Radboud University: Cybersecurity Act gives AIVD and MIVD more scope to act, increases supervision

The Dutch House of Representatives will be debating the ‘Cybersecurity Act’ soon. This law will give the General Intelligence and Security Service (AIVD) and Military Intelligence and Security Service (MIVD) more opportunities for, for example, tapping internet traffic. Extra instruments of supervision will allow this to be done without it necessarily becoming cause for concern. Rowin Jansen, a PhD candidate at Radboud University’s Research Centre for State and Law, writes in a piece published today in Nederlands Juristenblad.

The logic behind the proposed Temporary act on investigations by AIVD and MIVD into countries with offensive cyber programmes (known as the ‘Cybersecurity Act’) is easy to follow, says Jansen. “The threat of cyber attacks from Russia and China, among others, has never been quite as real. For attackers, our digital infrastructure is an attractive and vulnerable target. The situation in Ukraine has also shown us how dire an emergency we are facing.”

“The Intelligence and Security Services Act 2017 (‘Wiv’, the framework within which the intelligence services function) did not give the AIVD and MIVD enough scope for properly monitoring the digital threat and taking adequate counter measures. Consequently we could end up with reduced insight into certain cyber actors.” The government hopes that the Cybersecurity Act will give these services more clout in the digital domain. Along with this widening of powers, the supervisory system is also being reformed. In recent years, there has been friction between the services and the supervisory bodies regarding the interpretation of statutory requirements.

In the previous system, every act in the cyber domain required prior review by the Review Board for the Use of Powers (Toelichtingscommissie Inzet Bevoegdheden, TIB). The new legislation involves an amendment of this prior review. “The front-end review will therefore be less probing,” says Jansen. “This is important, because when you run hacking operations at the front end you do not really know what you will encounter once you’re in. You can’t map out the progress of an operation like this in advance, yet that is what the Wiv requires. The Cybersecurity Act will allow the AIVD and MIVD to act more rapidly and therefore also more effectively to possible threats.”

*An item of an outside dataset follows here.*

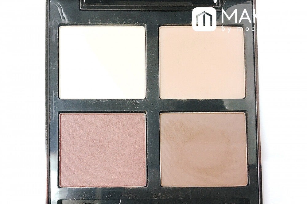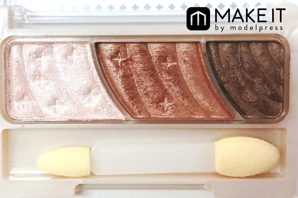 アイシャドウパレットの右上、右下、左下の順に重ねます。

Supervision not reduced, but transferred
Bits of Freedom and other privacy organisations are concerned about the new legislation, since supervision is being reduced in their opinion. Jansen: “I don’t think that is true. The government wants to transfer the supervision. It is true that there will be less intensive review at the front end, but at the back end there will be far more extensive opportunities for intervening in operations run by the services. The new legislation gives the Intelligence and Security Services Review Committee (CTIVD) binding decision-making power at the back end. This means that the CTIVD follows the entire process and can halt the operation at any moment if anything unlawful is identified. The CTIVD can also demand that all unlawfully collected data be destroyed. This means that there is robust supervision throughout the operational process. I would dare to say that at the least this compensates well for the reduced supervision at the front end.”

Basis for review of Wiv
Should there be a clash between the supervisory authority and the intelligence service, moreover, the matter could be brought before the Council of State. This is a new development. “In the future, the highest court in the Netherlands will be able to give judgment regarding the AIVD and MIVD, and will moreover be obliged to make certain aspects of the judgment public. There will be more freedom and transparency in this regard as well. Public decisions regarding secret services are very special, and are innovative in an international sense too.”

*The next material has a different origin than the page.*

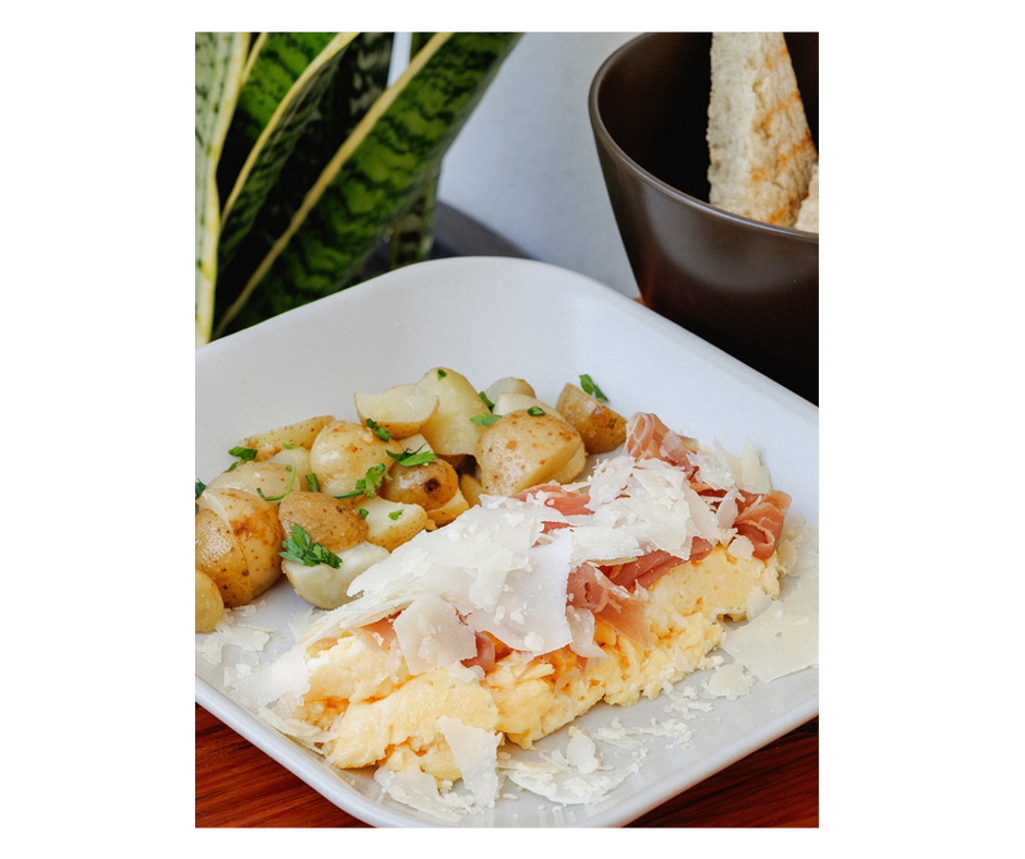 2 Huevos | Queso parmesano | Jamon Serrano | Acompañados de Papas Cambray

Although the Cybersecurity Act will be temporary, according to Jansen this law will probably form the basis for an extensive review of the Wiv which is due to take place in a few years. “These are the broad strokes of the new law, so it is important that we consider it well now. Regarding supervision in particular, a lot will be changing. In the recent past, the Wiv involved an excessive tightening of the screws, for the intelligence services as well as for the supervisors. Supervision does need to cause some friction, it’s true, but I think this new act will better serve our national security.”

In practice
Jansen has doubts about whether the Cybersecurity Act will function well in practice. Two separate, partly diverging statutory regimes could be applied to cyber operations at the same time. “Isn’t that a recipe for problems? I’m tempted to say: be careful what you wish for.”

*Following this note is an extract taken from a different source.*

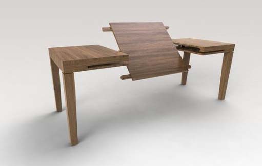 Lift mechanika és tömörfa egysége Juhos Lehel lift mechanikával nagyobbítható étkezőasztalával nyert, az asztal közepén kiemelkedő plusz lapja praktikus megoldás és ötletes szerkezet egyben. A tömörfa asztallaphoz színben variálható, hajlított acéllemezből készülnek a lábak. A fém mechanikát tömörfa kávaelem rejti maga mögé, így a forma egységes és letisztult marad.

What’s more, the system of supervision, which was complicated enough when it involved two supervisors, will become even more complex. “It’s quite possible that the operational speed and agility of the services may increase, just as the government hopes, but it’s equally possible that the strained relationship between the services and the supervisors will be exacerbated by this further formalisation.” Whether or not the new system works will therefore depend on the extent to which the services and the supervisors are willing to work together constructively.